Conclusion: It’s a nice pattern, but as per my usual complaint with Seamwork patterns, it’s by no means a one-hour sew. It took me about 6 hours in total (incl. cutting out), even the second time.

Final thoughts on Seamwork Almada

I really like this pattern and as I said, I’m half tempted to make it again. However, in the spirit of building a meaningful wardrobe, I am considering it really hard, as I already have two robes for colder weather. One of them, a short terry one, I use daily, the other is a big fluffy one for when I need a fabric snuggle. The terry one was a killer in this insane hot weather, and I really wished I had a breezier one to keep me cool. But then again, how many more summer days have we got left this year? Summer is usually short and unpredictable in the UK, so I am really considering if I’ll get 30 wears out of a summer robe. Maybe one for next year…

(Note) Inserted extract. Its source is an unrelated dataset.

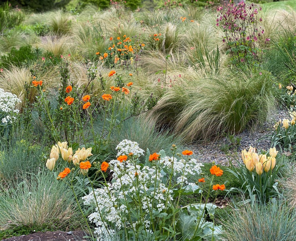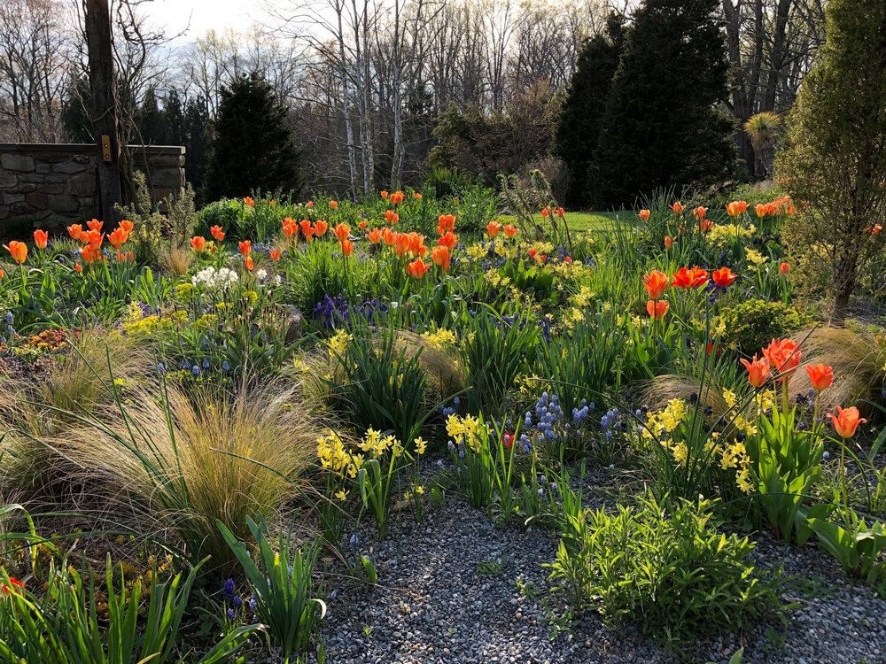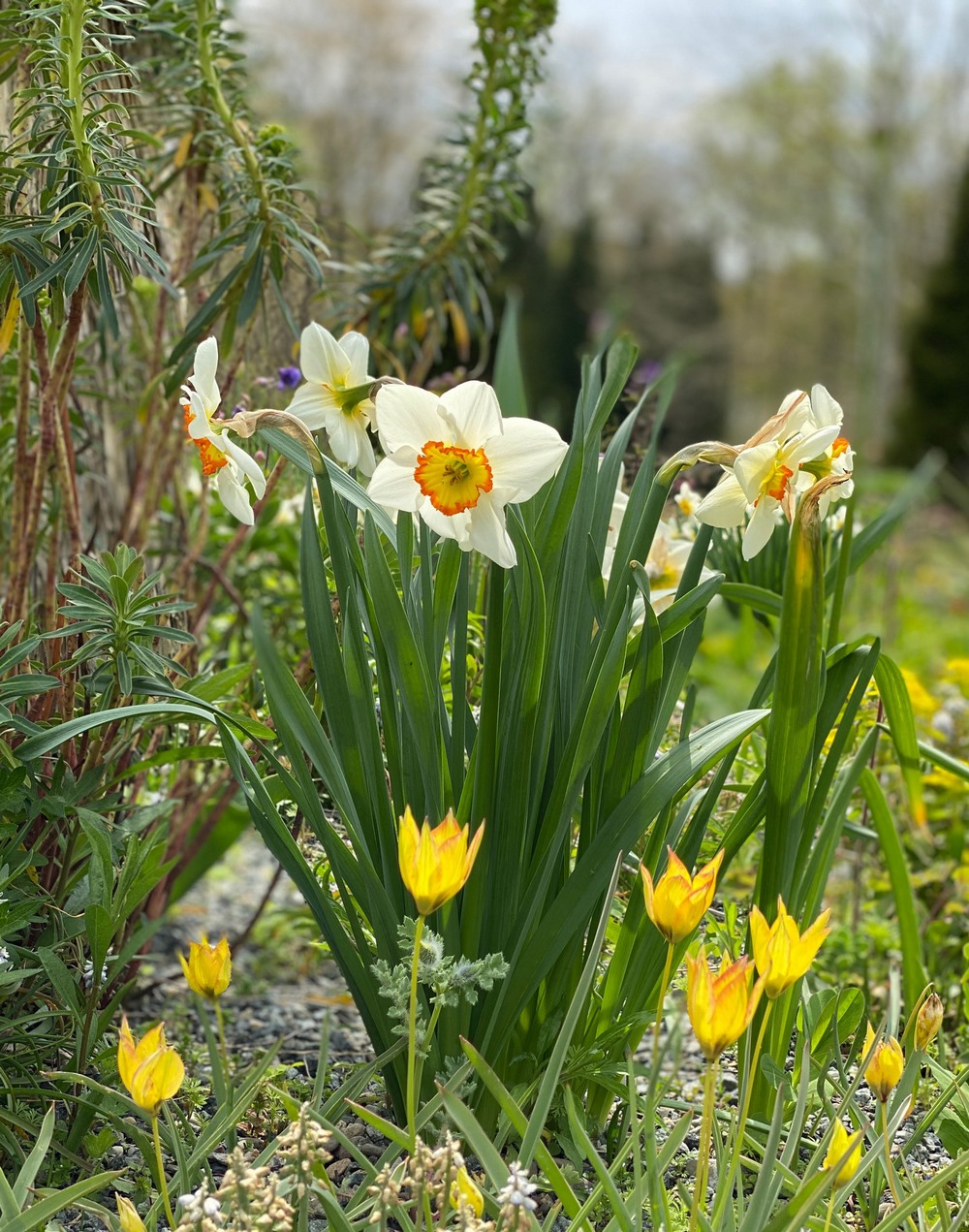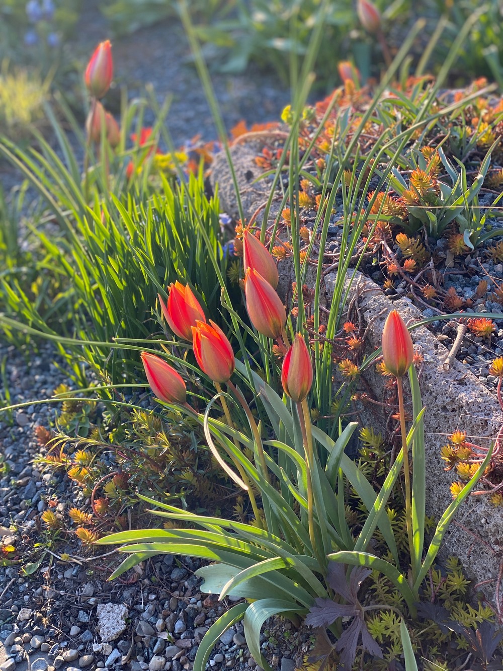 En primavera asoman las flores de algunos bulbos, entre los que se encuentran narcisos miniatura y especies de tulipanes botánicos, como Tulipa acuminata, T. clusiana y T. linifolia, que tienden a ser longevos y prosperan en el suelo seco de este jardín de grava.

However, I was considering if it could be suitable for a dress instead. I would probably reduce the circumference of the sleeves, as you can see my underwear if I’m not wearing a slip. This idea has been buzzing in my head for a while, so there must be something in it, but I think I need to sew something else for a while, I’m a bit Almada’d out just now.

In the meatime, here’s more pics, where I enjoy a cuppa, as you must do in your robe, right? Notice the cats :).

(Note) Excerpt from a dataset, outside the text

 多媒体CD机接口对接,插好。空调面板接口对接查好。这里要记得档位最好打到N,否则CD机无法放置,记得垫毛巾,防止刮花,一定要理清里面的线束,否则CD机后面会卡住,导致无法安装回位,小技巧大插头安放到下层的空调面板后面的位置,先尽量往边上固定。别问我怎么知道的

  1. 10 August 2018 / 9:02 AM

    Love how your Almada turned out and although I’m definitely not a kimono girl myself, I can see how it would be a great gift to give. I can’t give you any thoughts on the Seamwork patterns as I’ve not used any of their patterns and at the moment I’m in a debate about what I want to make next so I’m making some pyjama bottoms!

  2. sewrendipityalex
    10 August 2018 / 6:59 PM

    Thank you! I gave it to my friend yesterday and she loved it, which is the most important thing.
    I’ve made quite a few Seamwork patterns, I quite like them. I stopped the subscription now, but I still have a bit of credit and I get new patterns I like.

    Pyjama bottoms sound great, I have a bit of a pyjama habit myself, ha ha, never too many to have!

  3. LJ
    28 May 2020 / 2:38 PM

    It looks like Seamwork has finally updated the description on their website as well and now calls it a “light robe,” though the “kimono” language is still used in the pattern pdf itself to describe the sleeves.

    • sewrendipityalex
      28 May 2020 / 2:47 PM

      I think ‘kimono sleeve’ is an industry standard now, I see it in many pattern drafting books and fashion reference books. In my view, the issue is with the use of the term to describe whole garments that are not the real thing. So maybe ‘kimono-like sleeves’?